### WHAT NEEDS TO BE DONE
Using the material below, print the line that contains "4. Virka 2 st.", the line that contains "6. Zuweisen der Projektion", and every line in between, exactly and nothing else.

### EXERCISE DATA
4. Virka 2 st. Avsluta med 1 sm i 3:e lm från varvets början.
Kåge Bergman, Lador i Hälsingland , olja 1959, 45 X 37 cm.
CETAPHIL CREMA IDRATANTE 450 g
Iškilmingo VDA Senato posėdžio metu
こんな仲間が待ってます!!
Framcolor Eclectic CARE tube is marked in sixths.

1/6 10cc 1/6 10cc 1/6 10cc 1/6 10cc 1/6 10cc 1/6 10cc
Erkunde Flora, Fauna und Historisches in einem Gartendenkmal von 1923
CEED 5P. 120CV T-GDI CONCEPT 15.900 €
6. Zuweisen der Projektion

---

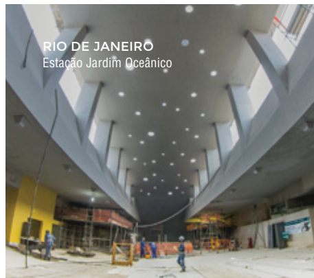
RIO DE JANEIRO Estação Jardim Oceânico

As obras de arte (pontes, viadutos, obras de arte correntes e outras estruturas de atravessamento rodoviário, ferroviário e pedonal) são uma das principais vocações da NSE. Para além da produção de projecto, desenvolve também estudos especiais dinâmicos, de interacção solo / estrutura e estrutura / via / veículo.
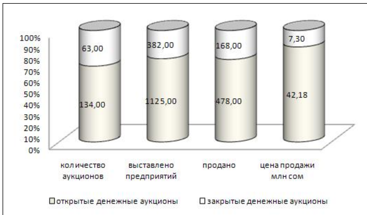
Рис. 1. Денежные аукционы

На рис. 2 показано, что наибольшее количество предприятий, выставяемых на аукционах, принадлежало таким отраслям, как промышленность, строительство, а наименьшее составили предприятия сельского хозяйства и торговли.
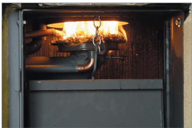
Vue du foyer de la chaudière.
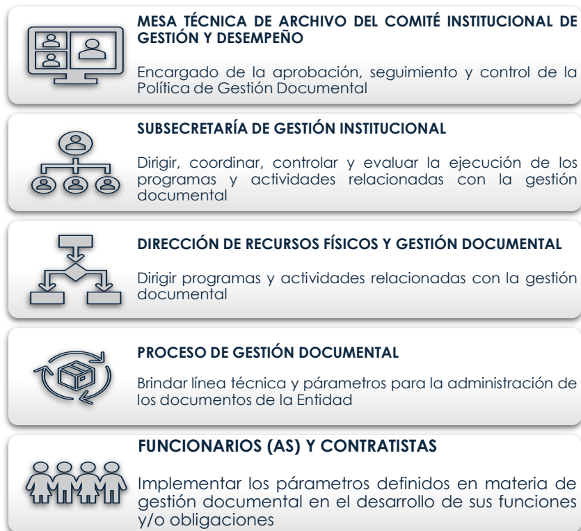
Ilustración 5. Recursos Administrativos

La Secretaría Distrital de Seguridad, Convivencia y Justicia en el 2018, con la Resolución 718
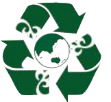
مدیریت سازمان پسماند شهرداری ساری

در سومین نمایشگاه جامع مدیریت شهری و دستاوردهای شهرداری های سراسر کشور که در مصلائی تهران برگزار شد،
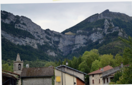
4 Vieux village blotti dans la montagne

...

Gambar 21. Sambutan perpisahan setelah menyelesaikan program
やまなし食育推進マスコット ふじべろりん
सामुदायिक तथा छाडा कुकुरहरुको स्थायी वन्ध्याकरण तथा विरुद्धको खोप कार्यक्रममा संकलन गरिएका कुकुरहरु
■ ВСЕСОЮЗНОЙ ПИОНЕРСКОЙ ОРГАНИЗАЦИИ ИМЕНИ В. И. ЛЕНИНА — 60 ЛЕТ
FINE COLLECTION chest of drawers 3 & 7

### EXERCISE RESPONSE
4. Virka 2 st. Avsluta med 1 sm i 3:e lm från varvets början.
Kåge Bergman, Lador i Hälsingland , olja 1959, 45 X 37 cm.
CETAPHIL CREMA IDRATANTE 450 g
Iškilmingo VDA Senato posėdžio metu
こんな仲間が待ってます!!
Framcolor Eclectic CARE tube is marked in sixths.

1/6 10cc 1/6 10cc 1/6 10cc 1/6 10cc 1/6 10cc 1/6 10cc
Erkunde Flora, Fauna und Historisches in einem Gartendenkmal von 1923
CEED 5P. 120CV T-GDI CONCEPT 15.900 €
6. Zuweisen der Projektion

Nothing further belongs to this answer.